What Are Absolute Return Funds?

January 19, 2019 07:30 AM AEDT | By Team Kalkine Media
 What Are Absolute Return Funds?

Absolute return funds are those funds whose significant aim is to deliver returns in every market conditions. In simple terms, these funds aim towards generating returns in every market whether it’s rising or falling.

Frequently managers of Absolute return funds use derivatives in their strategies for hedging. Sometimes they may also take short or long positions as per their market view. Managers may also invest in exotic securities, or they go for ‘fund of funds’ approach. In fund of funds approach, manager invests in several other funds.

Absolute return funds portfolio includes underlying investments. The underlying investments may include bonds, currencies, derivatives, money markets, swaps or other specialized financial instruments.

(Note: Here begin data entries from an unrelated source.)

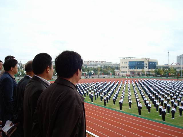 10月29日上午9:25分,随着“一、二、三、四”的嘹亮口号声,全校两千余名学生以班级方队跑步走向运动场,接受省评估院专家的检阅。在优美活泼的音乐声中,同学们节拍到位,动作整齐,大家力求以完美、青春的整体形象展现在评估专家组面前。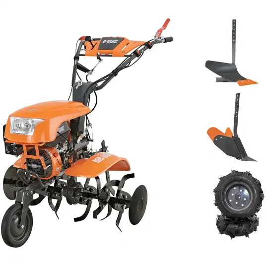 Motocultor O-Mac MC 800, 7 CP, 212 CC, 3 viteze,priza de putere, 90 cm latime maxima, 35 cm adancime maxima, 3.6 l benzina, freze, roti, plug, rarita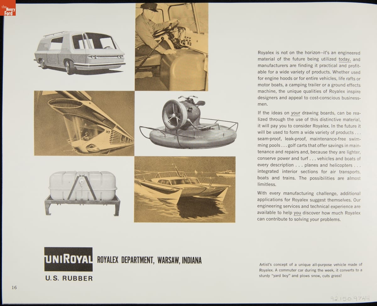 United States Rubber promoted its "Royalex" material in this brochure from 1965. The vinyl and styrene plastic composite could be molded into any shape at almost any thickness, making it particularly versatile. While this brochure suggests several different applications, Royalex saw its most widespread use in the manufacture of canoe hulls.

Investors returns always vary due to the different fund strategies, and funds may distribute the return in the form of a dividend, capital appreciation or a combination of both.

Absolute return funds may also invest in assets across different geographical regions across the world, or sometimes they shift there to focus on a particular market, such as the US, Australia or emerging markets.

The two sides of absolute return funds are:

  • Absolute return funds diversify their portfolio with alternative assets which have less correlation with the performance of shares and bonds. Alternative assets may include currencies and commodities. During periods of market volatility these alternative assets may perform differently, perhaps the gains from alternative assets offset the financial losses from other investments and sometimes their losses may also offset other gains.
  • The primary objective of fund managers is to return positive returns to the investors, but still, they can’t guarantee it.
  • While investing, investors must investigate the ongoing charges and compare it with the other fund that they are not paying extra for the service which only benefits the Fund managers. Investors must keep in mind that these charges will have a significant impact on their returns over the long-term simply it will put a dent in the investor’s return, so it’s also an essential aspect for the investors to check so that they reap a higher profit.
  • Absolute return funds may charge a performance fee, which is paid to the fund managers whenever the fund exceeds the benchmark. Fund managers generally decide this benchmark.

Investment techniques: Common investment techniques used by absolute return funds are:

  • Fund managers use leverage against the assets of the fund so that they can increase the size of the investment portfolio and it may lead to greater returns, but leverage can lead to a greater loss.
  • Fund managers can use derivative for hedging, or simply buy a futures contract, an option so that they can fix a price for security now, by doing this fund managers can offset the risk of loss from market fluctuations.
  • The Fund manager may also apply a short selling strategy. In this strategy, the fund manager will borrow the security from the market that he/she believes is overvalued or in their view, it will go south and subsequently sell it, and later, they purchase back the security usually at a lower price and return it later.